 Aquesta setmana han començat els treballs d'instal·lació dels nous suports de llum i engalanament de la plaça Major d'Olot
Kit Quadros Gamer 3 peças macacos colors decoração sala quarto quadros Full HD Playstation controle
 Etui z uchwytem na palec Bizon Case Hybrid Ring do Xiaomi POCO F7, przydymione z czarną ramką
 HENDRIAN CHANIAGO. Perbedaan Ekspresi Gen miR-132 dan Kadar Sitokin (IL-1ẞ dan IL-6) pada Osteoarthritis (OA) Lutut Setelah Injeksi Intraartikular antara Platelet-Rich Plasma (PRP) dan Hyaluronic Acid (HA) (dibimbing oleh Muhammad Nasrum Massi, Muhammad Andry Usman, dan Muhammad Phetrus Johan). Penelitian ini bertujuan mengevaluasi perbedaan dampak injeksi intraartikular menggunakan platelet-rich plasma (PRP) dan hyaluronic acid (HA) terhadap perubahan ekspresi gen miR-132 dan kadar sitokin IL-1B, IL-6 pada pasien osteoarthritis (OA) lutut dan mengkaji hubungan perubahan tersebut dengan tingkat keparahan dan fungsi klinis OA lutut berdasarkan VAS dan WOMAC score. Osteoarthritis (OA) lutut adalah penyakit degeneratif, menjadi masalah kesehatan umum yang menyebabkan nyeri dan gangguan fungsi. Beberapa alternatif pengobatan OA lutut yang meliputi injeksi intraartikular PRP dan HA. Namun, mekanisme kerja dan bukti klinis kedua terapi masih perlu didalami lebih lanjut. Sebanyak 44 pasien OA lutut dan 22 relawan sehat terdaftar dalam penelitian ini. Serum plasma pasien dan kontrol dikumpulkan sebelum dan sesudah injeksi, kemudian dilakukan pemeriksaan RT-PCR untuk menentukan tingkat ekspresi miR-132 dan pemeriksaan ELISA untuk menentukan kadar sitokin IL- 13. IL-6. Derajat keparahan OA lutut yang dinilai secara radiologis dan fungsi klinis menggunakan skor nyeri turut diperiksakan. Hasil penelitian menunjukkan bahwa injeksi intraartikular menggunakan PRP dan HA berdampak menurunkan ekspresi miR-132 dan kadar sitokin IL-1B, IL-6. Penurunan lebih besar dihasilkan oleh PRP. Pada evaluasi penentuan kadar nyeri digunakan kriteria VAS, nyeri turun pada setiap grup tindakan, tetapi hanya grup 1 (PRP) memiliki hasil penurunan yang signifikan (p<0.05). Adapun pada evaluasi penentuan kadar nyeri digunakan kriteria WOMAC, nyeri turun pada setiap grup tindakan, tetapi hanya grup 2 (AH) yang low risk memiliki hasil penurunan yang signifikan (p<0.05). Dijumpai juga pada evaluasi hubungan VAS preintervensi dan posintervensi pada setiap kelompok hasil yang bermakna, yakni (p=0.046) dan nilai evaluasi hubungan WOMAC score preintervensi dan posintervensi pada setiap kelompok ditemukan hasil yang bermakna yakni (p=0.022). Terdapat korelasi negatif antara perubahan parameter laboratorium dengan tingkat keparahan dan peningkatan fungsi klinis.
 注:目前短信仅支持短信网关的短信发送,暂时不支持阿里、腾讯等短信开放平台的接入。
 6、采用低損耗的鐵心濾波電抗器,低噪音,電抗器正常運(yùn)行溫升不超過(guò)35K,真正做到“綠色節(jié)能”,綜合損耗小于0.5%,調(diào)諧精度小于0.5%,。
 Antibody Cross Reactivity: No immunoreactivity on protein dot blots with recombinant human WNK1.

* Problem *
In the listing above, locate the line with "Kit Quadros Gamer" and the line with "Etui z uchwytem", then extract exactly those lines and every line between them, and nothing more.

* Answer box *
Kit Quadros Gamer 3 peças macacos colors decoração sala quarto quadros Full HD Playstation controle
 Etui z uchwytem na palec Bizon Case Hybrid Ring do Xiaomi POCO F7, przydymione z czarną ramką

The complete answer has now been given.